Import data from the Global Historical Climatology monthly (GHCNm) database

This function is a convenient way to access the monthly summaries of the GHCN. Monthly average temperature is available via import_ghcn_monthly_temp() and monthly precipitation via import_ghcn_monthly_prcp(). Note that these functions can take a few minutes to run, and parallelism is only enabled for precipitation data.

Usage

import_ghcn_monthly_temp(
  table = c("inventory", "data"),
  dataset = c("qcu", "qcf", "qfe")
)

import_ghcn_monthly_prcp(
  station = NULL,
  year = NULL,
  table = c("inventory", "data"),
  progress = rlang::is_interactive()
)

Arguments

table

Either "inventory", "data", or both. The tables to read and return in the output list.

dataset

For import_ghcn_monthly_temp(). One of the below options. More information is available at https://www.ncei.noaa.gov/pub/data/ghcn/v4/readme.txt.

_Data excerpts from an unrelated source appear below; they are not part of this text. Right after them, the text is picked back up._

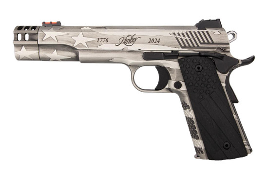 The Kimber Independence is Kimber's latest commemorative edition and the first compensated special edition. Featuring a patent-pending proprietary compensator, this limited edition Independence model is chambered in .45 Auto and is a testament to celebrating the July 4th holiday with a custom-tailored Cerakote finish. The Independence also features slide lightening cuts and a port along the forward top strap. Racing serrations at the rear of the slide are designed to mimic the flag's movement that adorns the entire pistol.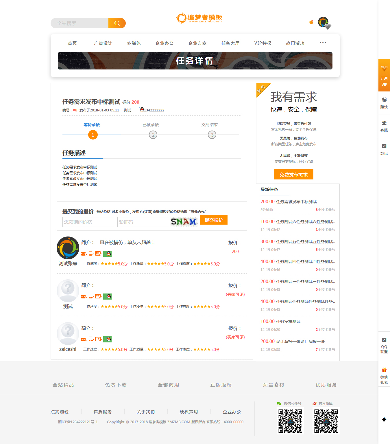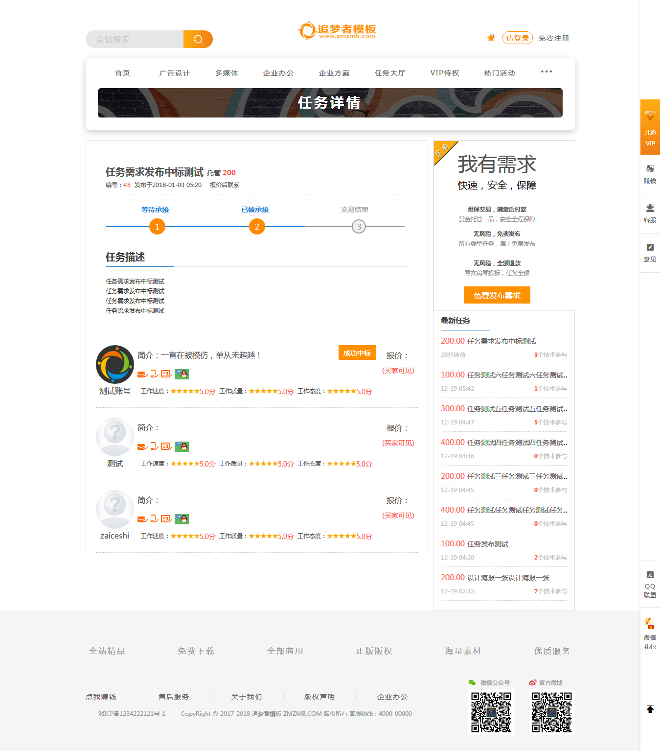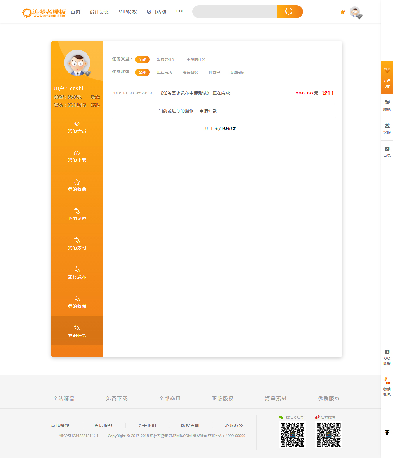 精仿包图网,在此基础上进一步优化修改并增加了手机验证,设计师认证并作品发布,作品收益和威客需求任务获得的钱可以直接提现。集成了QQ和微信登录以及支付宝和微信付款充值账户。废话不多说是本人良心之作,模板好不好请直接看截图演示。。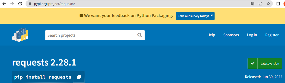 - requests를 사용하려면 구글 검색창에 pip3 requests 검색하면 해당 홈페이지가 나옵니다.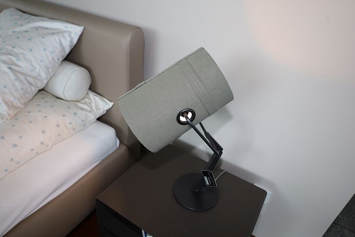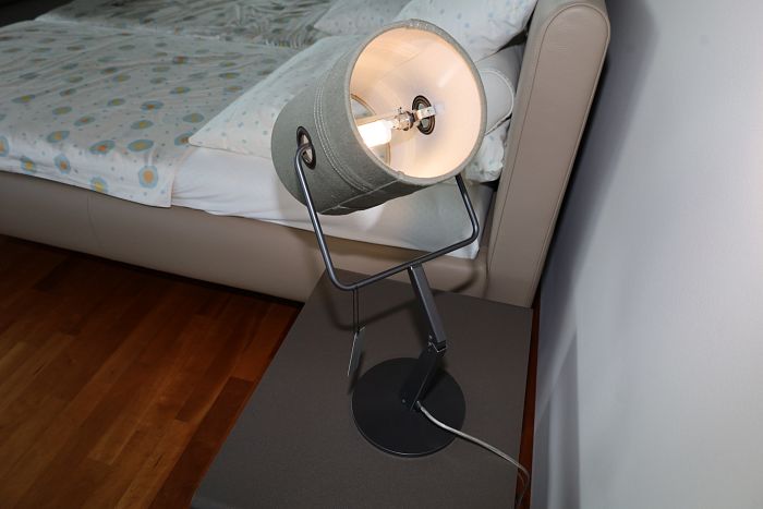 Tischleuchte, Stoff Grau, Gestell anthrazit, Maße: Ø 18/38 cm / H: 50/63 cm, Fassung: 1xR7s, mit Dimmer, statt 821,- Ausstellungsstück zum Sonderpreis reduziert auf 590,-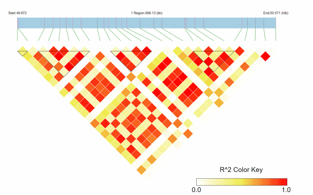 在GWAS分析中,我们挖掘到了一些显著性的位点,如何确定这些位点是不是假阳性呢?我们可以通过LDblock分析并进行可视化进行判断。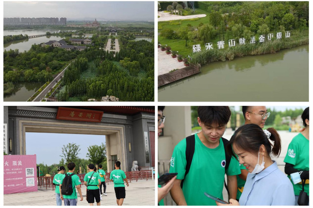 临靠马庄村的潘安湖湿地公园是在煤矿塌陷区的基础上建成的,通过无人机航拍,实践团队清晰地看到公园内的整齐规划和秀丽风光。实践队员在此开展问卷调查,进一步了解潘安湖湿地公园的生态修复和湿地建设成效。

"qcu": Quality Control, Unadjusted
"qcf": Quality Control, Adjusted, using the Pairwise Homogeneity Algorithm.
"qfe": Quality Control, Adjusted, Estimated using the Pairwise Homogeneity Algorithm. Only the years 1961-2010 are provided. This is to help maximize station coverage when calculating normals.

station

For import_ghcn_monthly_prcp(). The specific stations to import monthly precipitation data for.

year

One or more years of interest. If NULL, the default, all years of data available for the chosen stations will be imported. Note that, in the GHCNd and GHCNm, files are split by station but not year, so setting a year will not speed up the download. Specifying fewer years will improve the speed of a GHCNh download, however.

progress

For import_ghcn_monthly_prcp(). Show a progress bar when importing many stations? Defaults to TRUE in interactive R sessions. Passed to .progress in purrr::map().

Value

a list of tibbles

Parallel Processing

If you are importing a lot of meteorological data, this can take a long while. This is because each combination of year and station requires downloading a separate data file from NOAA's online data directory, and the time each download takes can quickly add up. Many data import functions in {worldmet} can use parallel processing to speed downloading up, powered by the capable {mirai} package. If users have any {mirai} "daemons" set, these functions will download files in parallel. The greatest benefits will be seen if you spawn as many daemons as you have cores on your machine, although one fewer than the available cores is often a good rule of thumb. Your mileage may vary, however, and naturally spawning more daemons than station-year combinations will lead to diminishing returns.

# set workers - once per session
mirai::daemons(4)

# import lots of data - NB: no change in the import function!
big_met <- import_ghcn_hourly(code = "UKI0000EGLL", year = 2010:2025)

Author

Jack Davison